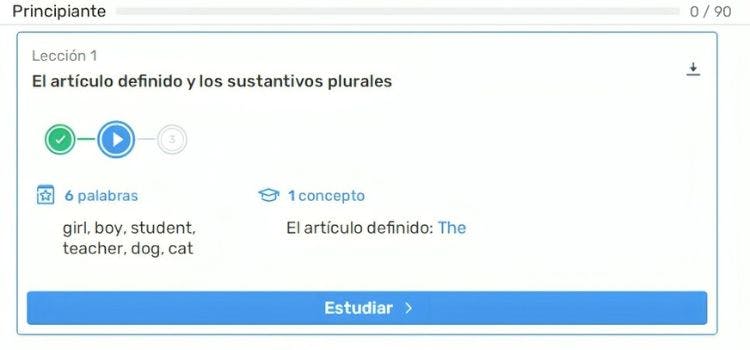 Antes de iniciar la lección, la plataforma te dice cuantas palabras aprenderás y los conceptos gramaticales que quieren enseñar.
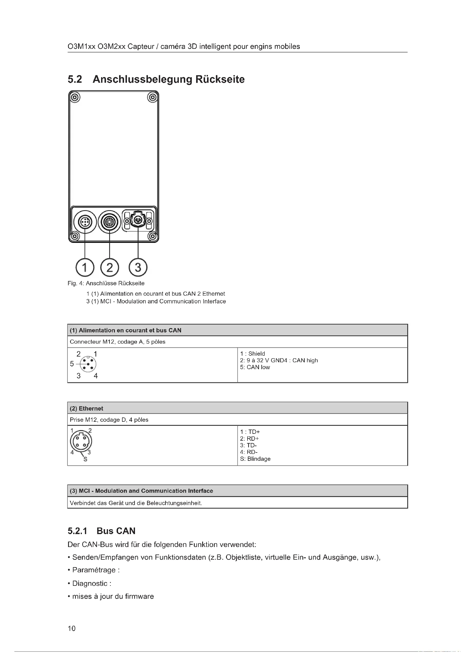 Fig.5: Anschlüsse Unterseite 1 Sortie vidéo analogique (PAL). Sortie vidéo analogique (PAL). Connecteur M12, codage A, 5 pôles 1: Shield 3: GND4: FBAS (Video) Für den analogen Videoausgang nur die folgenden ifm-Kabel verwenden: w E3M151 (5 m, Verbindungskabel, abgewinkelter Stecker) E3M152 (11 m, Verbindungskabel, abgewinkelter Stecker) E3M153 (16 m, Verbindungskabel, abgewinkelter Stecker) E3M154 (21 m, Verbindungskabel, abgewinkelter Stecker) E3M159 (5 m, Verbindungskabel) E3M160 (1 m, Video-Adapterkabel)O3M1xx O3M2xx Capteur / caméra 3D intelligent pour engins mobiles
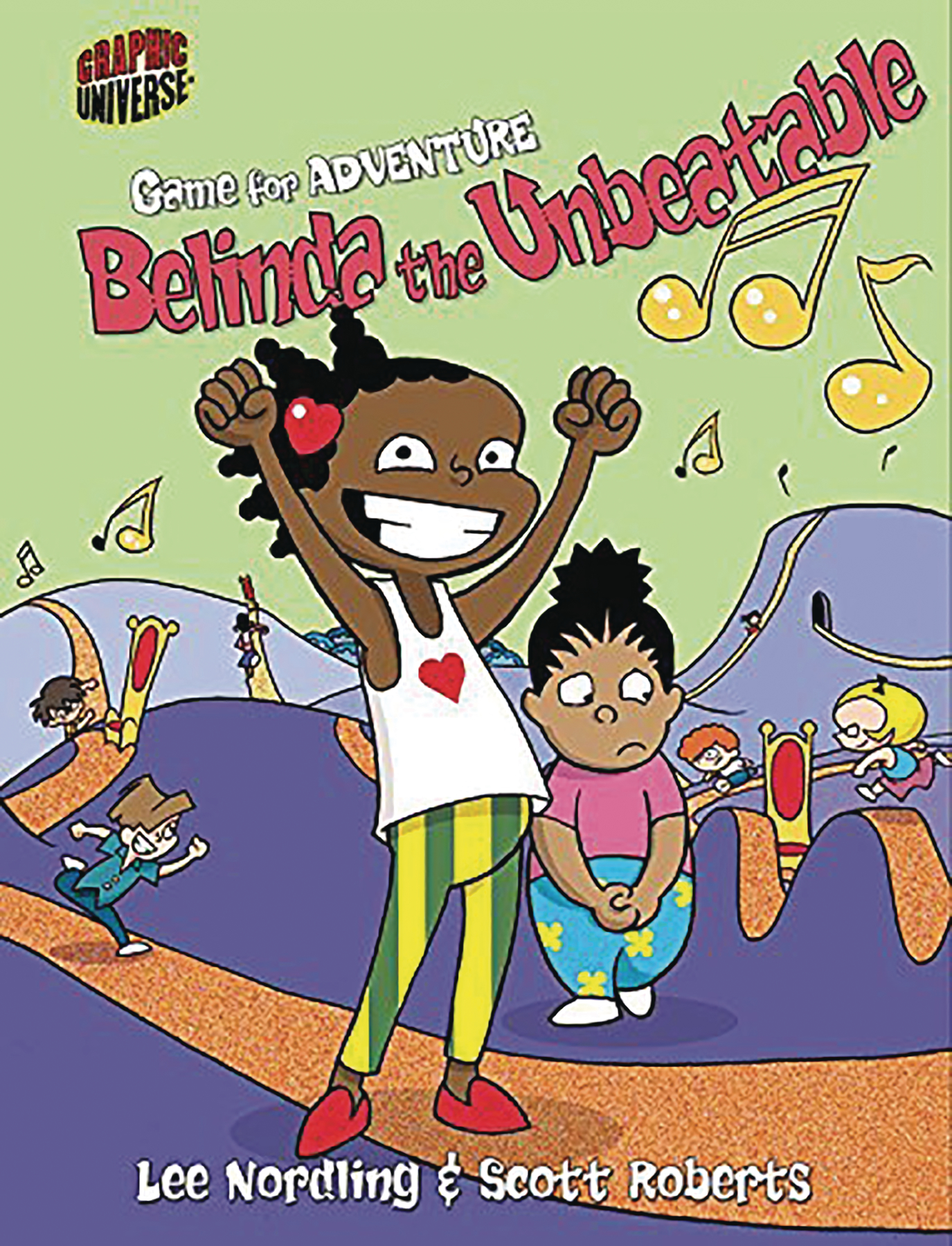 Belinda's upbeat. Her best friend, Barbara, is shy. But both of them are joining a magical game of musical chairs! When the music starts, the girls' school gym becomes a tricky, colorful obstacle course. Will Belinda and Barbara's friendship keep them in the game? Find out in this word-free graphic novel that features lovable characters and fun fantasy takes on classic children's games such as hide-and-seek. The books instill positive messages and engage readers with crisp, colorful artwork.
________________________________________
WHAT THE EXERCISE ASKS » Each line of the listing is to be retyped exactly, and its pictures are to be dropped.

TASK ANSWER »
 Antes de iniciar la lección, la plataforma te dice cuantas palabras aprenderás y los conceptos gramaticales que quieren enseñar.
 Fig.5: Anschlüsse Unterseite 1 Sortie vidéo analogique (PAL). Sortie vidéo analogique (PAL). Connecteur M12, codage A, 5 pôles 1: Shield 3: GND4: FBAS (Video) Für den analogen Videoausgang nur die folgenden ifm-Kabel verwenden: w E3M151 (5 m, Verbindungskabel, abgewinkelter Stecker) E3M152 (11 m, Verbindungskabel, abgewinkelter Stecker) E3M153 (16 m, Verbindungskabel, abgewinkelter Stecker) E3M154 (21 m, Verbindungskabel, abgewinkelter Stecker) E3M159 (5 m, Verbindungskabel) E3M160 (1 m, Video-Adapterkabel)O3M1xx O3M2xx Capteur / caméra 3D intelligent pour engins mobiles
 Belinda's upbeat. Her best friend, Barbara, is shy. But both of them are joining a magical game of musical chairs! When the music starts, the girls' school gym becomes a tricky, colorful obstacle course. Will Belinda and Barbara's friendship keep them in the game? Find out in this word-free graphic novel that features lovable characters and fun fantasy takes on classic children's games such as hide-and-seek. The books instill positive messages and engage readers with crisp, colorful artwork.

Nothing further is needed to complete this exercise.